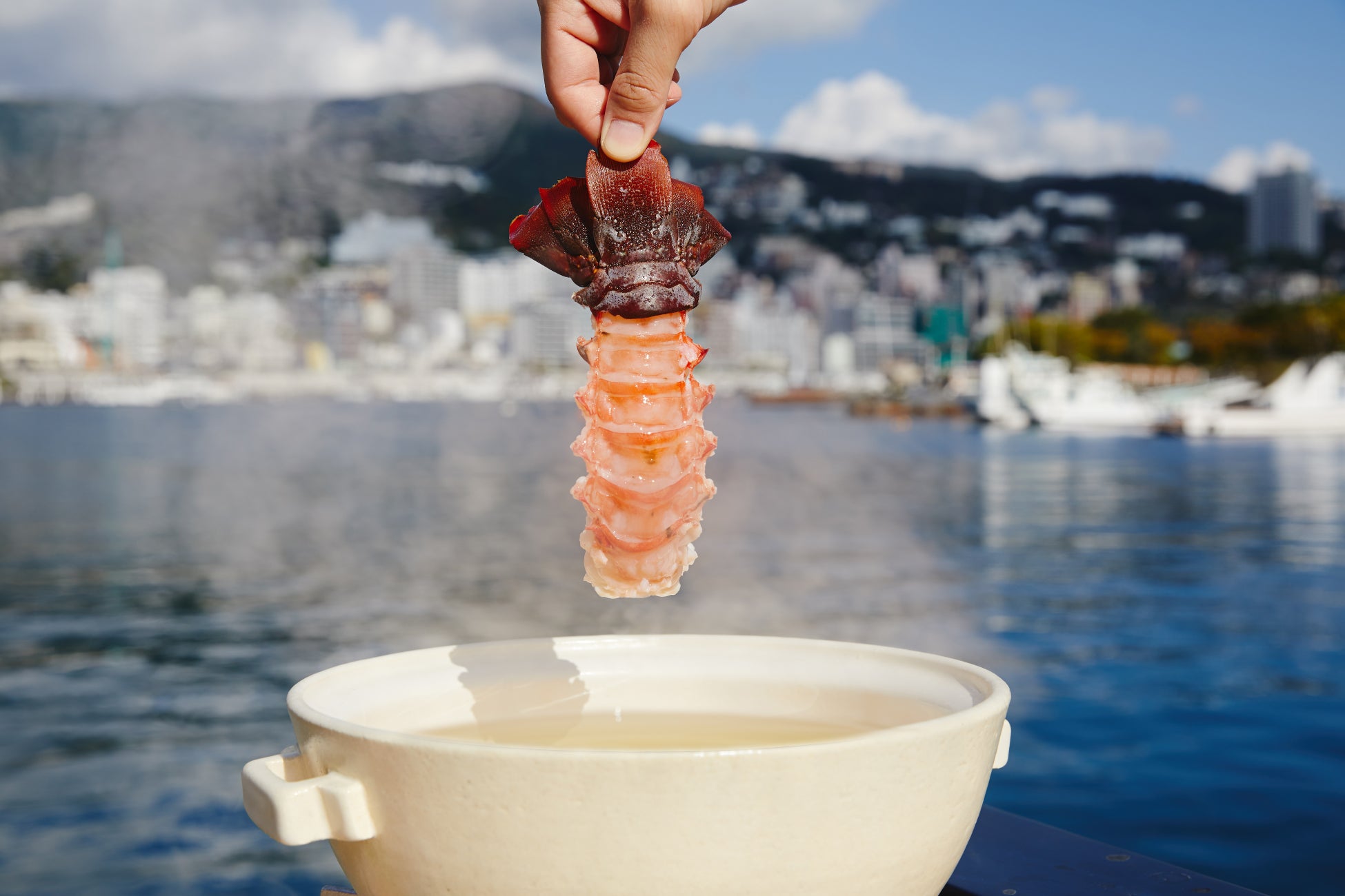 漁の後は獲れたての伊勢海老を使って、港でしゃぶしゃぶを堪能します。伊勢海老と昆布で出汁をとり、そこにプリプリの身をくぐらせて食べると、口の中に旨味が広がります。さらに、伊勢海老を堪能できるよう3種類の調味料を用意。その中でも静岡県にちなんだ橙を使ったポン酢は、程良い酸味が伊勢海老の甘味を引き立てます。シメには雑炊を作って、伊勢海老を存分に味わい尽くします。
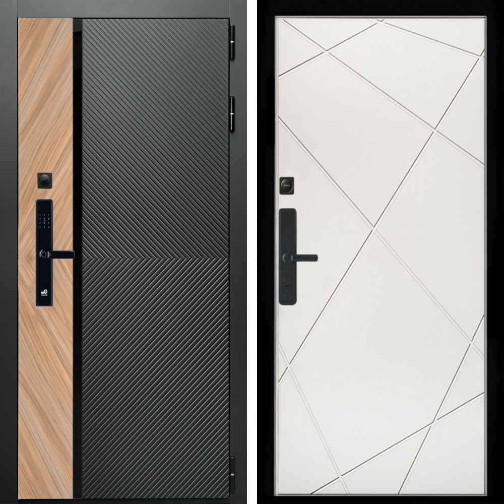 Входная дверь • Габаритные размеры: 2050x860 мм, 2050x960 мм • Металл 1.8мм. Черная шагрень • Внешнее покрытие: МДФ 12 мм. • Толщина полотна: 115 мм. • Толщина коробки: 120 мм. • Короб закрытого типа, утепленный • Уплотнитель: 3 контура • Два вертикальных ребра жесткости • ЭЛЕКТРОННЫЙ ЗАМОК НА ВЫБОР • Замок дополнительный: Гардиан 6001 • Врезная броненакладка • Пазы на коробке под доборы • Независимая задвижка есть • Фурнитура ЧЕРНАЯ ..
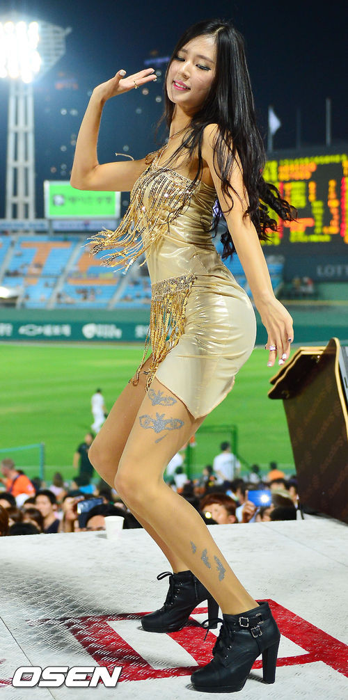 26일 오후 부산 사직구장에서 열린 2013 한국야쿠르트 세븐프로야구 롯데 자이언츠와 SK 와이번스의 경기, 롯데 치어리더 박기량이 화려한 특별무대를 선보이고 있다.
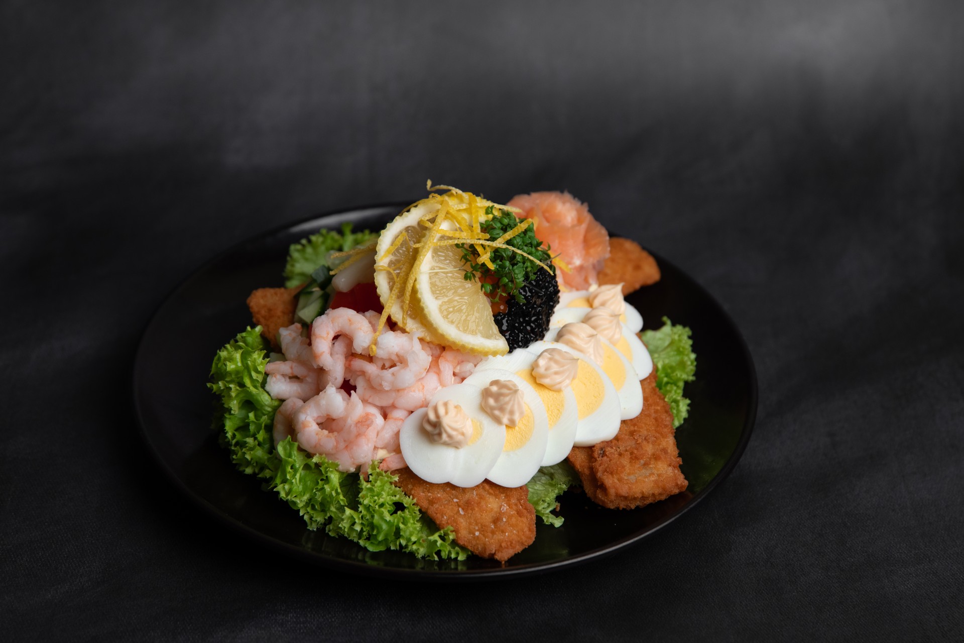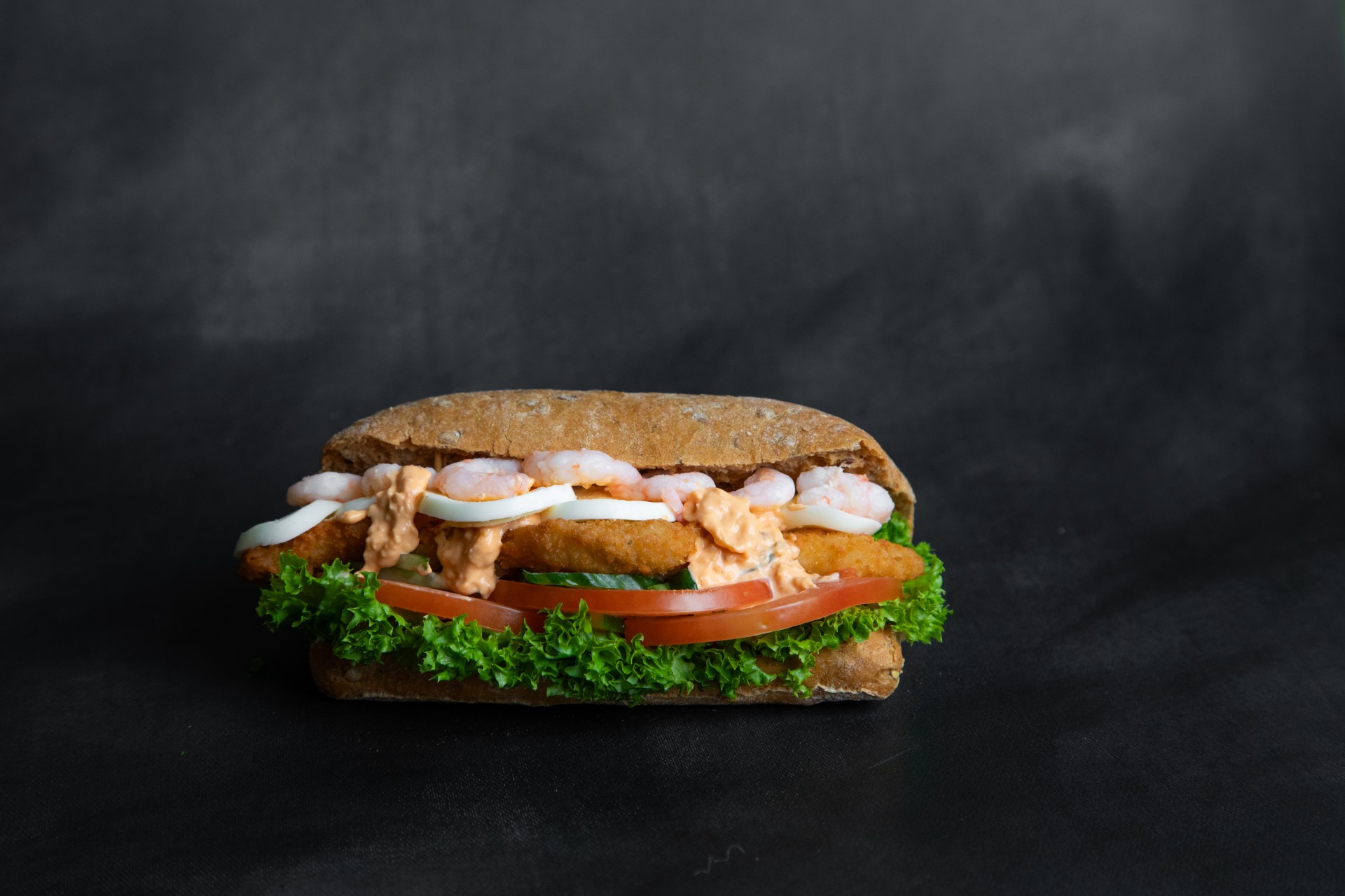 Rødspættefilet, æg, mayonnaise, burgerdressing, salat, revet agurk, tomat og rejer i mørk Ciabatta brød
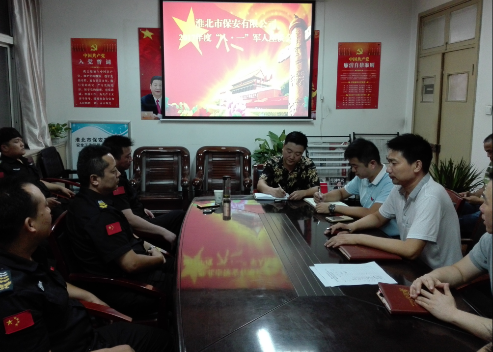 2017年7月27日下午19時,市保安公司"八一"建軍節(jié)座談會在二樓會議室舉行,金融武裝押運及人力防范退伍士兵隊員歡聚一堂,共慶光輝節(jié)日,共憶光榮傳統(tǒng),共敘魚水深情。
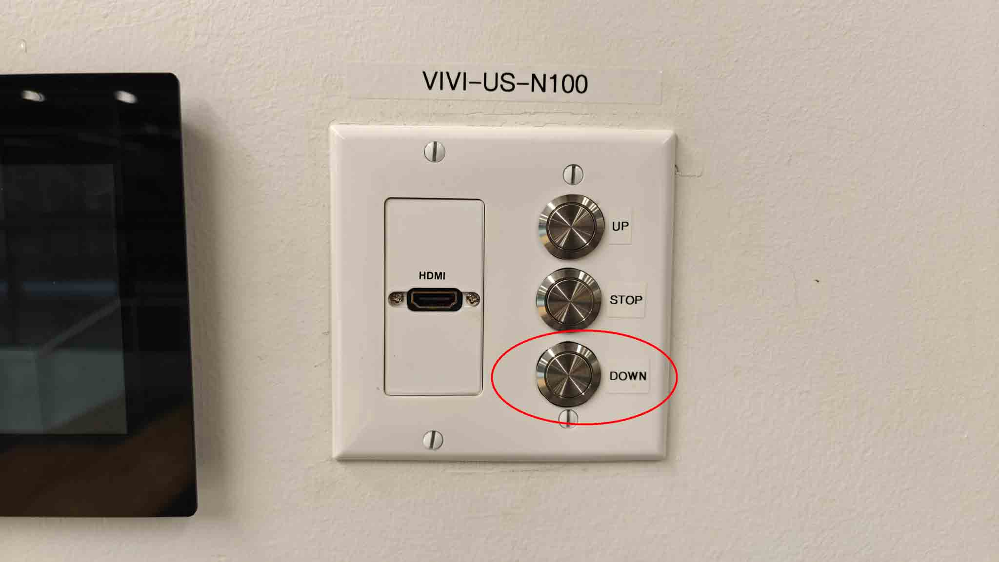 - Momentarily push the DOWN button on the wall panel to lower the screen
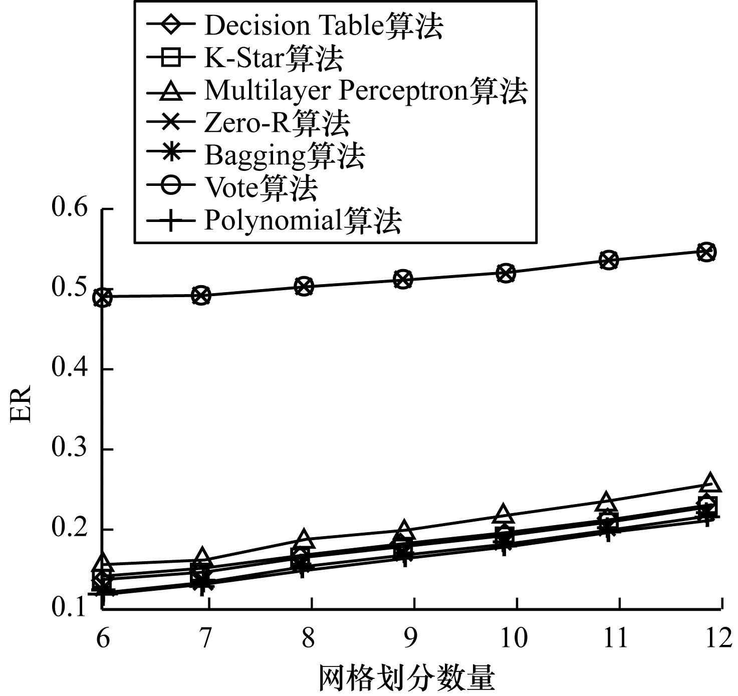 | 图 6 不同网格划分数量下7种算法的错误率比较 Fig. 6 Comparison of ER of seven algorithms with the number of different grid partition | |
========================
## ASSIGNMENT
Your copy should consist only of the lines from the one containing "- Momentarily push" through the last line of the entries above, reproduced exactly, without pictures.

## WRITTEN SOLUTION
 - Momentarily push the DOWN button on the wall panel to lower the screen
 | 图 6 不同网格划分数量下7种算法的错误率比较 Fig. 6 Comparison of ER of seven algorithms with the number of different grid partition | |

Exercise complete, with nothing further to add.